WARNING Affiliate Key doesn't provide account safety

[zpjet]

Be careful when switching your iPad from test to production - and make sure you removed (or never stored) the test account credentials from the device's keychain.

Our iPad had connectivity issues, and the app got logged out. It could also be that the receptionist tried to solve the connection by logging out and back in.

But because the production was protected by 2FA, he tried another stored credentials - and they worked, which made him happy as he could accept the payment, or he thought so.

We only realised this 42 payments and £8,500 later that we're "receiving" money to test account - so all integration worked, invoices were issued, emails sent, but customers' cards were not charged.

I would never think this is the case because I had one AK for test, and another for production.

I didn't even think of the test account as I assumed the payment link - which includes the AK - would fail to open the app and do the payment request on the Air reader.
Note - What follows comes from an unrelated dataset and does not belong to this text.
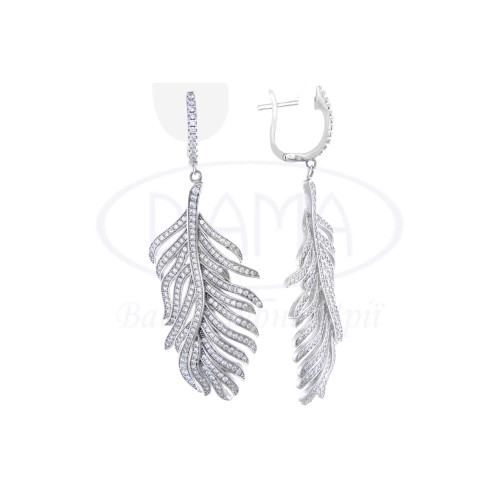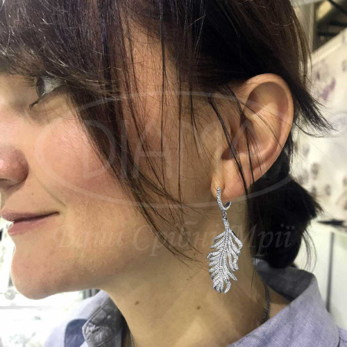 Сережки срібні з білим цирконієм у формі пера. Срібло 925 проби, покрите родієм. В наборі присутні каблучка, сережки та підвіска.

I hope the developers will think about a way how to securely match the payment link and application. I believe the loss of money we’re potentially facing (or amount of extra work) was so easily avoided if the app logged into

• test account worked with test AK link only, and
• production account worked with production AK link only.

Regards,
Josef

PS: Yes, if you use your own app, you may use app_id, but in our case, we use Safari and web app where the app_id is always com.sumup.appswitch as discussed here.